To use you the following to search for all matches before 2014-02-24.

/<C-r>=Match_date_before('2014-02-24')

You might be able to wrap it in a function to set the search register if you wanted to.

The generated regex for dates before 2014-02-24 is the following.

\%(\%([0-1]\d\d\d\|200\d\|201[0-3]\)-\d\{2}-\d\{2}\|2014-\%(0[0-1]\)-\d\{2}\|2014-02-\%([0-1]\d\|2[0-3]\)\)

It does not do any validation of dates. It assumes if you are in that format you are a date.

---

Equivalent set of functions for matching after the passed in date.

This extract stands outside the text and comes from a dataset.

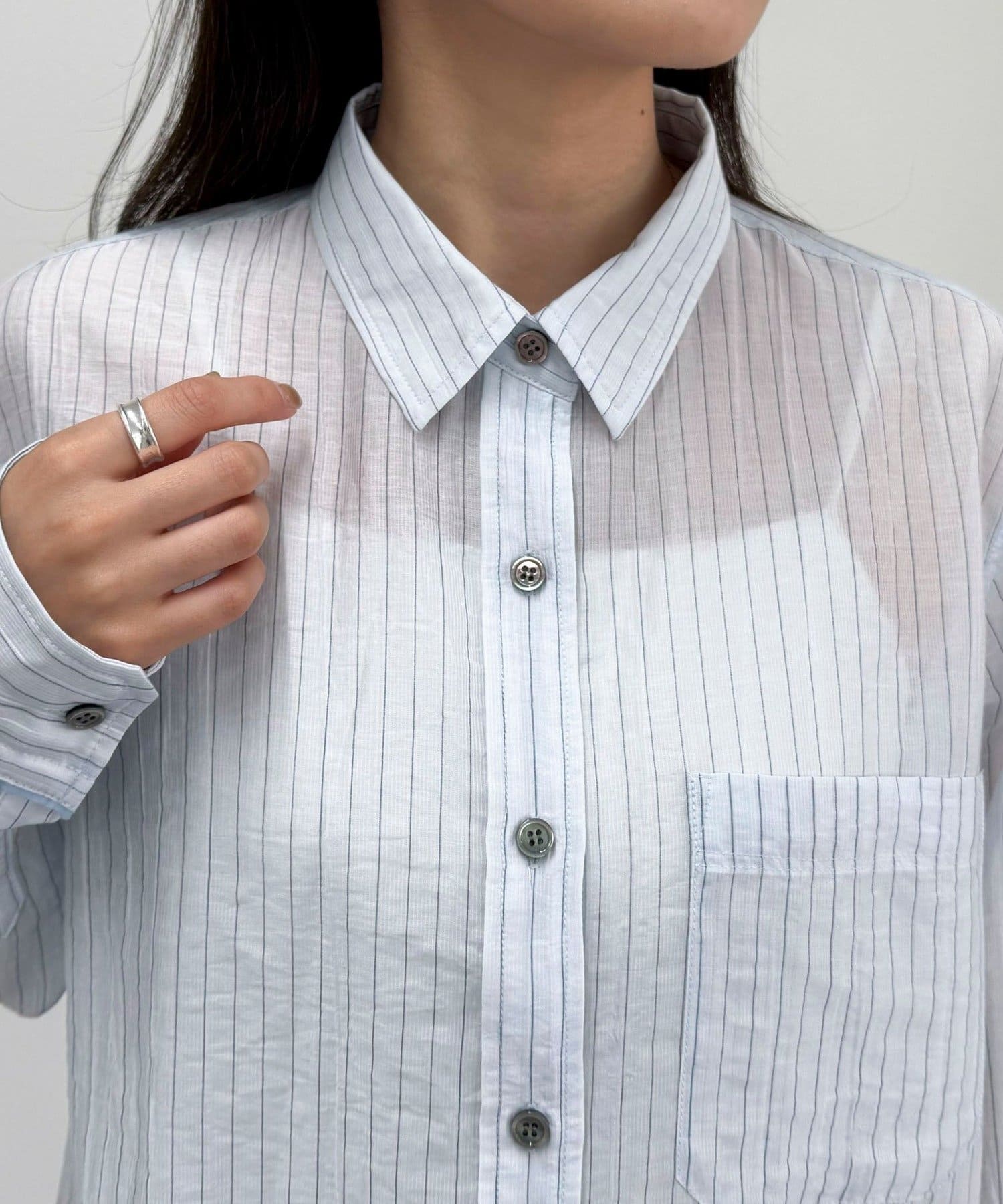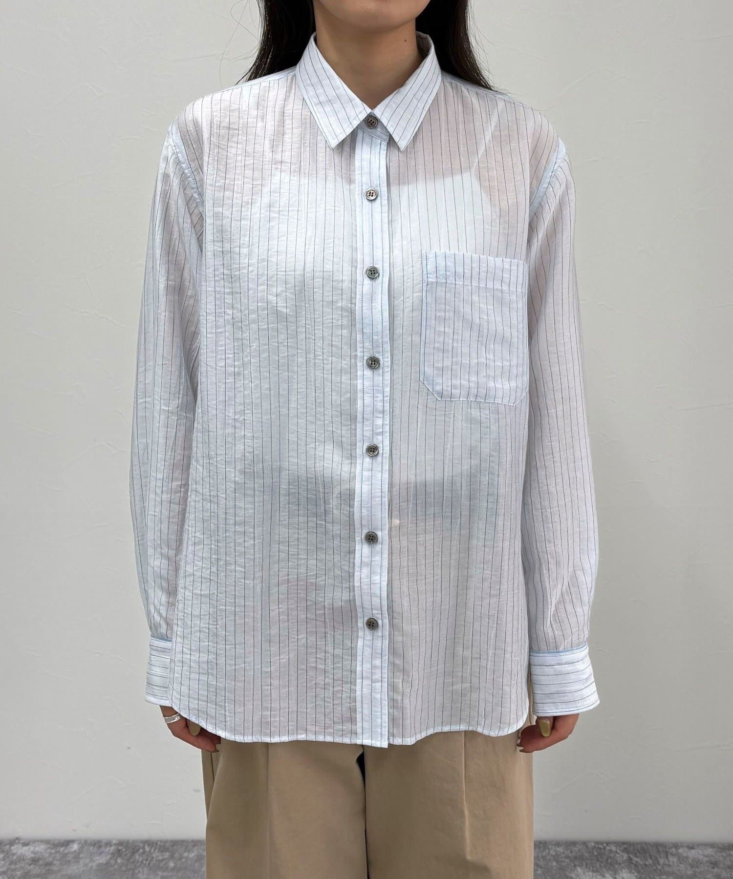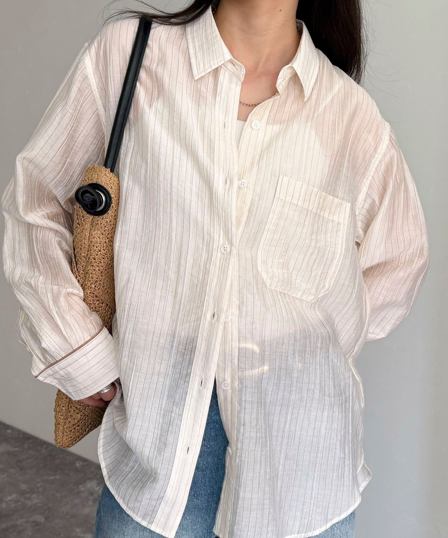 爽やかな透け感が魅力のストライプシアーシャツ

function! Convert_to_char_class_after(cur) 
    if a:cur =~ '[0-7]'
        return '[' . (a:cur+1) . '-9]'
    endif
    return '9'
endfunction

function! Match_number_after(num)
    let branches = []
    let init = ''
    for i in range(len(a:num))
        if a:num[i] =~ '[0-8]'
            call add(branches, init . Convert_to_char_class_after(a:num[i]) . repeat('\d', len(a:num) - i - 1))
        endif 
        let init .= a:num[i]
    endfor
    return '\%(' . join(branches, '\|') .'\)'
endfunction

function! Match_date_after(date)
    if a:date !~ '\v\d{4}-\d{2}-\d{2}'
        echo "invalid date"
        return
    endif

    let branches =[]

    let parts = split(a:date, '-')
    call add(branches, Match_number_after(parts[0]) . '-\d\{2}-\d\{2}')
    call add(branches, parts[0] . '-' . Match_number_after(parts[1]) . '-\d\{2}')
    call add(branches, parts[0] . '-' . parts[1] . '-' .Match_number_after(parts[2]))

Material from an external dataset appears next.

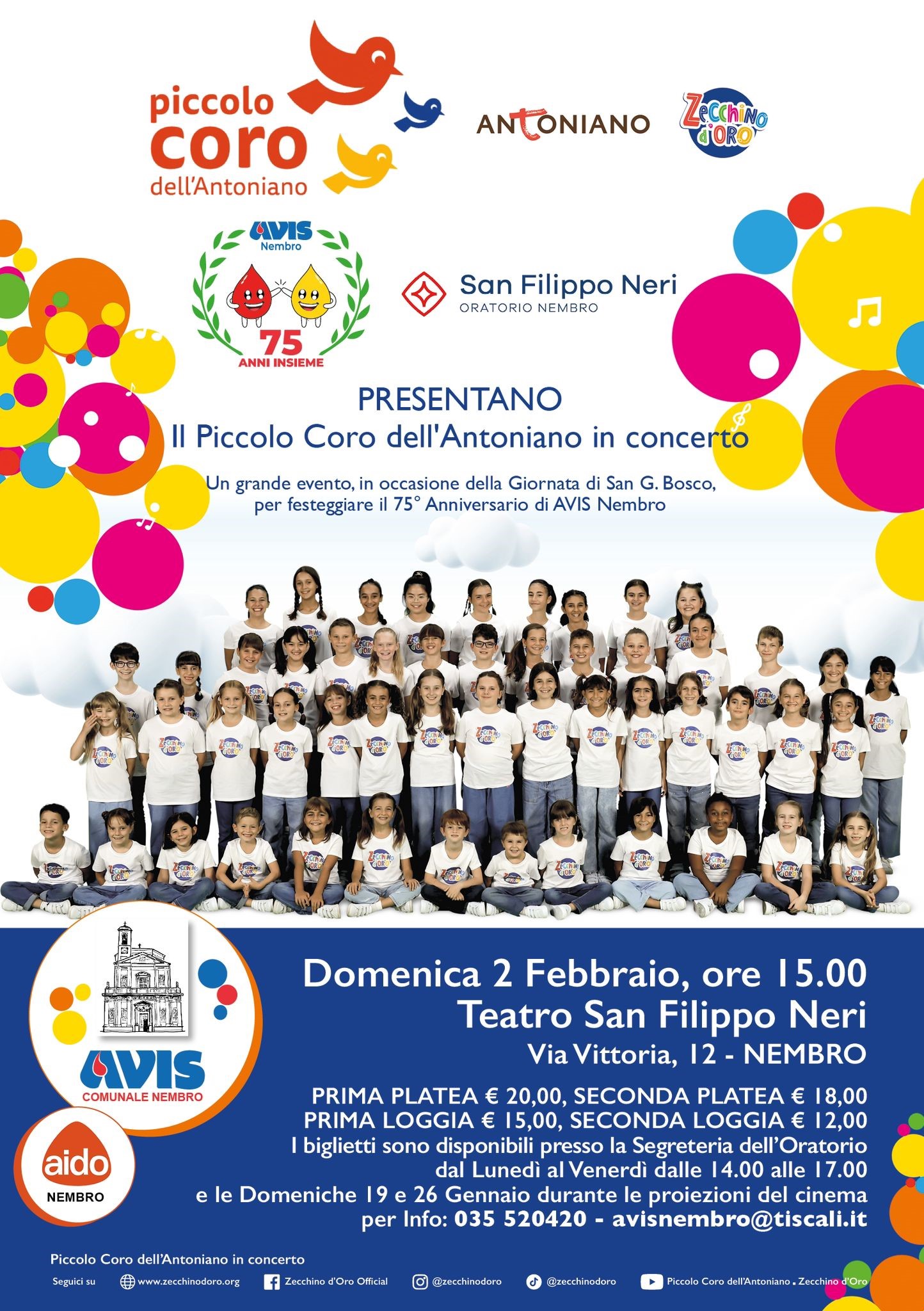 Un grande evento in occasione della Giornata di San Giovanni Bosco, per festeggiare il 75esimo Anniversario di AVIS Nembro. Il Coro dell'Antoniano si esibirร in concerto nel pomeriggio di domenica 2 febbraio.

    return '\%(' . join(branches, '\|') .'\)'
endfunction

The regex generated was

\%(\%([3-9]\d\d\d\|2[1-9]\d\d\|20[2-9]\d\|201[5-9]\)-\d\{2}-\d\{2}\|2014-\%([1-9]\d\|0[3-9]\)-\d\{2}\|2014-02-\%([3-9]\d\|2[5-9]\)\)

Answer 2

You do not say how you want to use this; are you sure that you really want a regular expression? Perhaps you could get away with

if DateCmp(date, '2014-02-24') < 0
  " ...
endif

In that case, try this function.

" Compare formatted date strings:
" @param String date1, date2
"   dates in YYYY-MM-DD format, e.g. '2014-02-24'
" @return Integer
"   negative, zero, or positive according to date1 < date2, date1 == date2, or
"   date1 > date2
function! DateCmp(date1, date2)
  let [year1, month1, day1] = split(a:date1, '-')
  let [year2, month2, day2] = split(a:date2, '-')
  if year1 != year2
    return year1 - year2
  elseif month1 != month2
    return month1 - month2
  else
    return day1 - day2
  endif
endfun

If you really want a regular expression, then try this:

" Construct a pattern that matches a formatted date string if and only if the
" date is less than the input date.  Usage:
" :echo '2014-02-24' =~ DateLessRE('2014-03-12')
function! DateLessRE(date)
  let init = ''
  let branches = []
  for c in split(a:date, '\zs')
    if c =~ '[1-9]'
      call add(branches, init . '[0-' . (c-1) . ']')
    endif
    let init .= c
  endfor
  return '\d\d\d\d-\d\d-\d\d\&\%(' . join(branches, '\|') . '\)'
endfun

Does that count as a "simple" regex? One way to use it would be to type :g/ and then CRTL-R and = and then DateLessRE('2014-02-24') and Enter, followed by the rest of your command. In other words,

:g/<C-R>=DateLessRE('2014-02-24')<CR>/s/foo/bar

EDIT: I added a concat (:help /\&) that matches a complete "formatted date string". Now, there is no need to anchor the pattern.